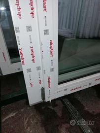 Portefinestre in pvc bianco interno ed esterno triplo vetro, ad 1 anta e 2 ante , profilo Aluplast telaio con aletta da 65 mm spessore telaio 70 mm anta da 77 mm, antaribalta, microventilazione, soglia inferiore, predisposte per cassonetto. Coefficente di trasmittanza temica 1 W/mqK .
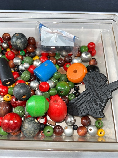 Lot 600+ Wooden Beads Varity Of Color, Shape And Size. Longest 2”, widest 1 1/8”. Smallest 1/8” wide. Most are smooth, I see ribbed, green, and black and silver. There may be some beads mixed in that are not wood.
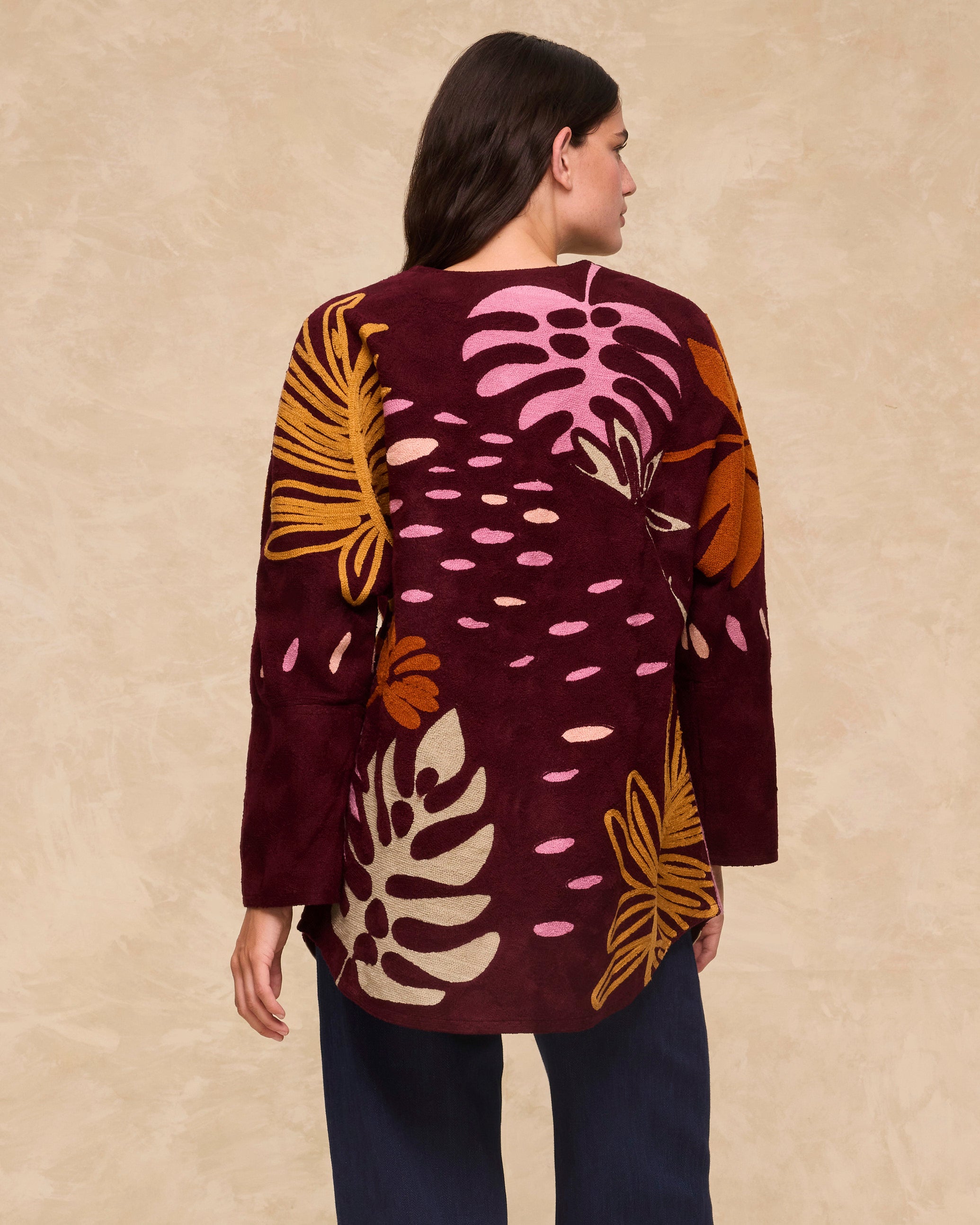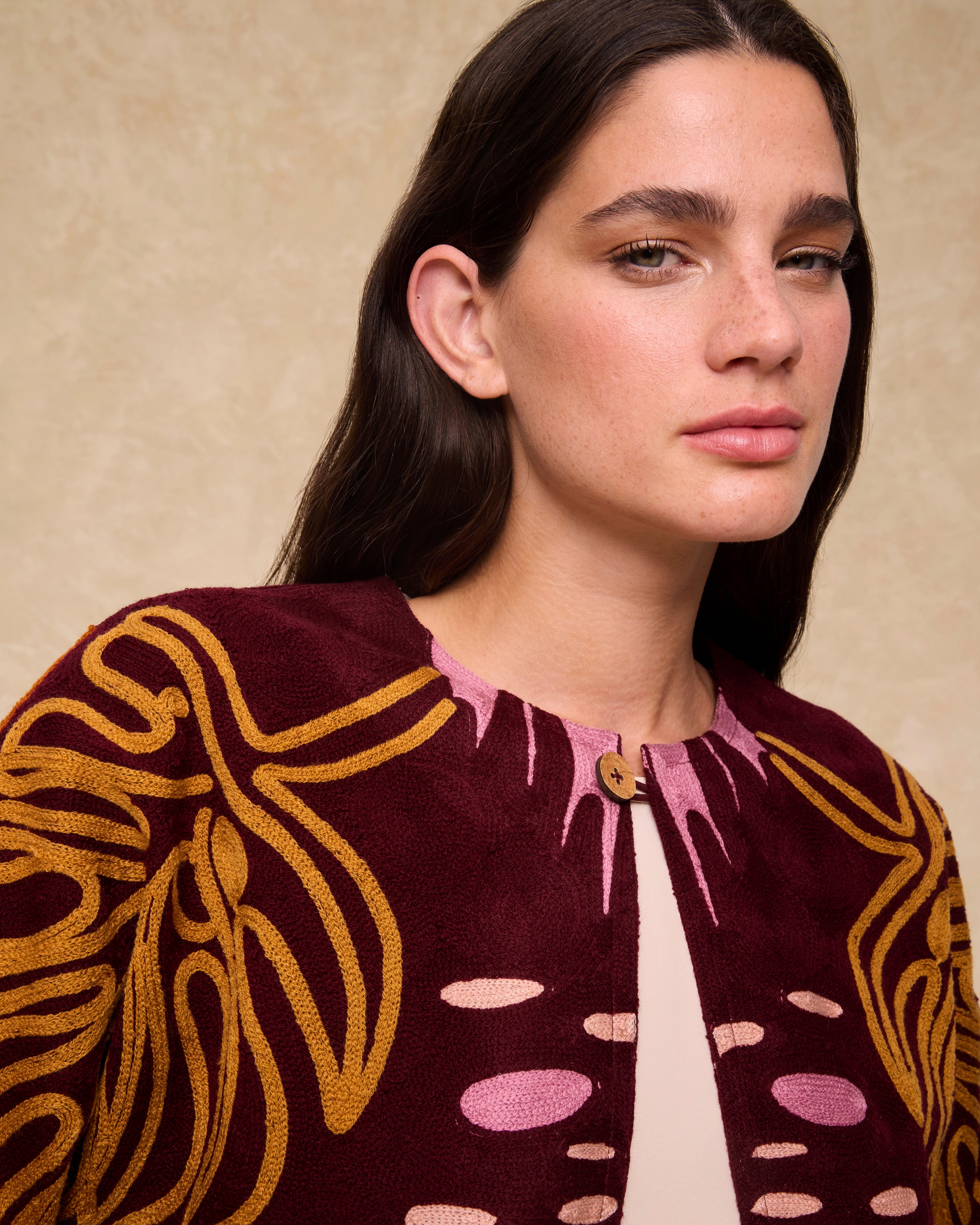 Rich in texture and colour, the Arrecife coat is crafted from 100% cotton and detailed with oversized botanical embroidery in contrasting tones. Cut to a relaxed, collarless silhouette, it fastens at the neckline with a single natural wood-style button and is designed to layer easily over any outfit. • Bold botanical embroidery in ochre, pink and terracotta tones • Relaxed, open silhouette with rounded neckline and single button fastening • Made from 100% cotton with a softly structured feel

■ Exercise requirements
The material must be restated verbatim. Its pictures must be omitted.

■ Answer for this exercise
 Portefinestre in pvc bianco interno ed esterno triplo vetro, ad 1 anta e 2 ante , profilo Aluplast telaio con aletta da 65 mm spessore telaio 70 mm anta da 77 mm, antaribalta, microventilazione, soglia inferiore, predisposte per cassonetto. Coefficente di trasmittanza temica 1 W/mqK .
 Lot 600+ Wooden Beads Varity Of Color, Shape And Size. Longest 2”, widest 1 1/8”. Smallest 1/8” wide. Most are smooth, I see ribbed, green, and black and silver. There may be some beads mixed in that are not wood.
 Rich in texture and colour, the Arrecife coat is crafted from 100% cotton and detailed with oversized botanical embroidery in contrasting tones. Cut to a relaxed, collarless silhouette, it fastens at the neckline with a single natural wood-style button and is designed to layer easily over any outfit. • Bold botanical embroidery in ochre, pink and terracotta tones • Relaxed, open silhouette with rounded neckline and single button fastening • Made from 100% cotton with a softly structured feel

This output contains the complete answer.